Custom expressions 自定义表达式

When you should use custom expressions and why you should take advantage of them in Metabase's notebook editor. 何时应使用自定义表达式,以及为何应在 Metabase 的笔记本编辑器中利用它们。

In mathematics, expressions are collections of symbols that together express a value. If you’ve ever worked with spreadsheet software before, expressions are formulas, like =SUM(A1, B1). 在数学中,表达式是符号的集合,这些符号共同表达一个值。如果您以前使用过电子表格软件,那么表达式就是公式,例如 =SUM(A1, B1)

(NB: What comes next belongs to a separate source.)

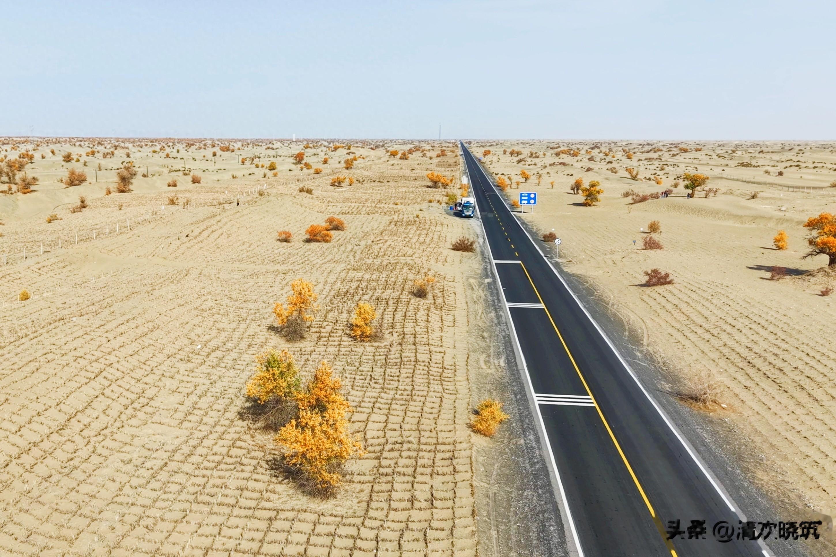 当你驾驶车辆奔驰在这条公路上时,除了两边的沙坡,还有一闪而过的金色胡杨树,蚂蚁视角的我们根本感觉不到是行驶在浩瀚无际的沙漠里的。

Custom expressions in Metabase’s query builder are powerful tools that can cover the vast majority of analytics use cases without the need to take SQL out of the toolbox. In fact, there are big advantages to using the query builder that you don’t get when you use SQL Metabase 的查询构建器中的自定义表达式是强大的工具,可以涵盖绝大多数分析用例,而无需将 SQL 从工具箱中取出。事实上,使用查询构建器比使用 SQL 有很大的优势

  • Extensibility: Using the query builder to build queries allows people to learn from and build on your questions without needing to know any SQL. 可扩展性:使用查询构建器构建查询,可以让人们从您的问题中学习并在此基础上构建,而无需了解任何 SQL。
  • Drill-through allows people to break out records by category, zoom in, drill down to unaggregated records, or x-ray the data on click. Questions built with the Metabase query builder will give users the full power of drill-through, but questions built using SQL will only show limited options like filtering by a value. 下钻允许人们按类别细分记录、放大、向下钻取到未聚合的记录,或单击时 X 射线检查数据。使用 Metabase 查询构建器构建的问题将为用户提供下钻的全部功能,但使用 SQL 构建的问题仅显示有限的选项,例如按值筛选。

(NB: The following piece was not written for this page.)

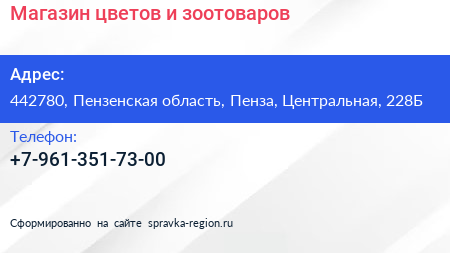 Магазин цветов и зоотоваров по адресу 442780, Пензенская область, Пенза, Центральная, 228Б в дальнейшем Организация, размещена в следующих категориях:

And you can always switch to SQL at any point during your development by converting an existing question to a native SQL question. 并且您始终可以在开发过程中的任何时候切换到 SQL,方法是将现有问题转换为原生 SQL 问题

There are three places in the query builder where we can use custom expressions 在查询构建器中有三个地方可以使用自定义表达式

  • Custom columns use functions to compute values (like + to add numbers) or manipulate text (like lower to change text to lowercase). 自定义列使用函数来计算值(例如 + 加数字)或操作文本(例如 lower 将文本更改为小写)。
  • Custom filters use functions like contains that evaluate to either true or false. 自定义筛选器使用诸如 contains 之类的函数,这些函数计算结果为 true 或 false。
  • Custom summaries use functions like count or sum to aggregate records. 自定义汇总使用诸如 countsum 之类的函数来聚合记录。

Custom columns 自定义列

We can add a custom column to our data using an expression to compute a new column. Let’s see an expression in action. Here is the Orders table from the Sample database included with Metabase. 我们可以使用表达式向数据添加自定义列,以计算新列。让我们看看表达式的实际应用。这是 Metabase 附带的示例数据库中的 Orders 表。

The Orders table in the Sample Database included with Metabase.

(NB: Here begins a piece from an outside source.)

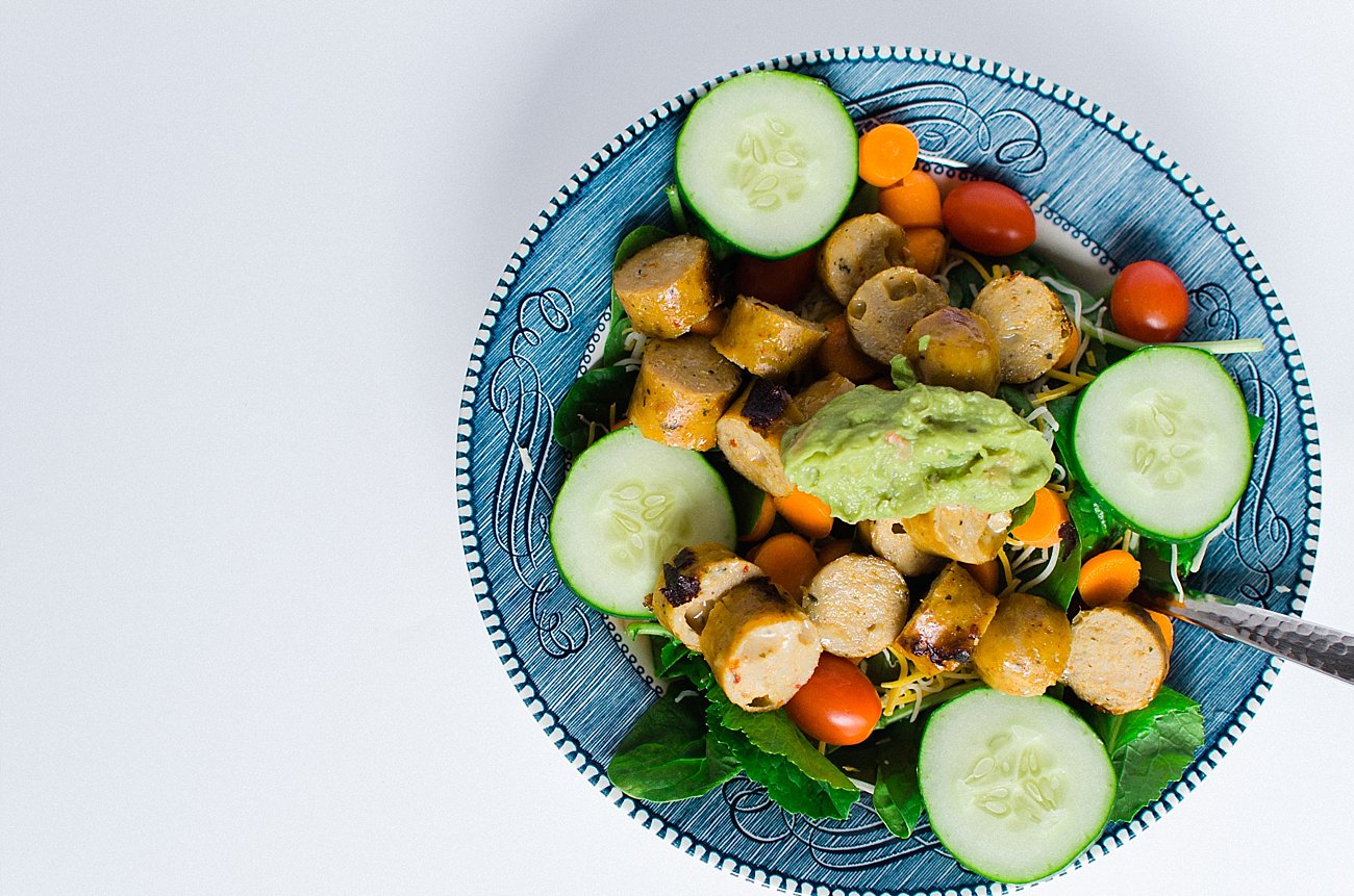 Chicken Sausage Dinner Salad With Avocado Pepperoncini Dressing

Let’s say we want to know the discount percentage applied to orders based on the pre-tax subtotal. For example, if we gave a $1 discount on a $10 order, we’d want to see a column show that we had discounted that order by 10%. 假设我们想知道基于税前小计应用于订单的折扣百分比。例如,如果我们在 10 美元的订单上给予 1 美元的折扣,我们希望看到一列显示我们已将该订单折扣了 10%。

Unfortunately, a quick scan of the columns in the preview tells us that the database does not store that computation (i.e. there is no “discount percentage” column). We only have the subtotal of the order, and the discount total. 遗憾的是,快速扫描预览中的列告诉我们,数据库未存储该计算(即,没有“折扣百分比”列)。我们只有订单的小计和折扣总额。

Thanks to math, however, we can use the discount total and order subtotal to compute the percentage. Here’s where expressions come into play: we can use an expression to compute the discount percentage for each row, and store that computed value in a new column. 然而,得益于数学,我们可以使用折扣总额和订单小计来计算百分比。这就是表达式发挥作用的地方:我们可以使用表达式计算每行的折扣百分比,并将计算出的值存储在新列中。

Let’s walk through how to create a custom column. 让我们逐步了解如何创建自定义列。

When in the query builder, we select Custom column in the Data section. 在查询构建器中时,我们在数据部分中选择自定义列

To calculate the discount percentage, we’ll need we’ll need to divide the discount by the original total (the Subtotal) to get the discount percentage. 为了计算折扣百分比,我们需要将折扣除以原始总额(Subtotal)以获得折扣百分比。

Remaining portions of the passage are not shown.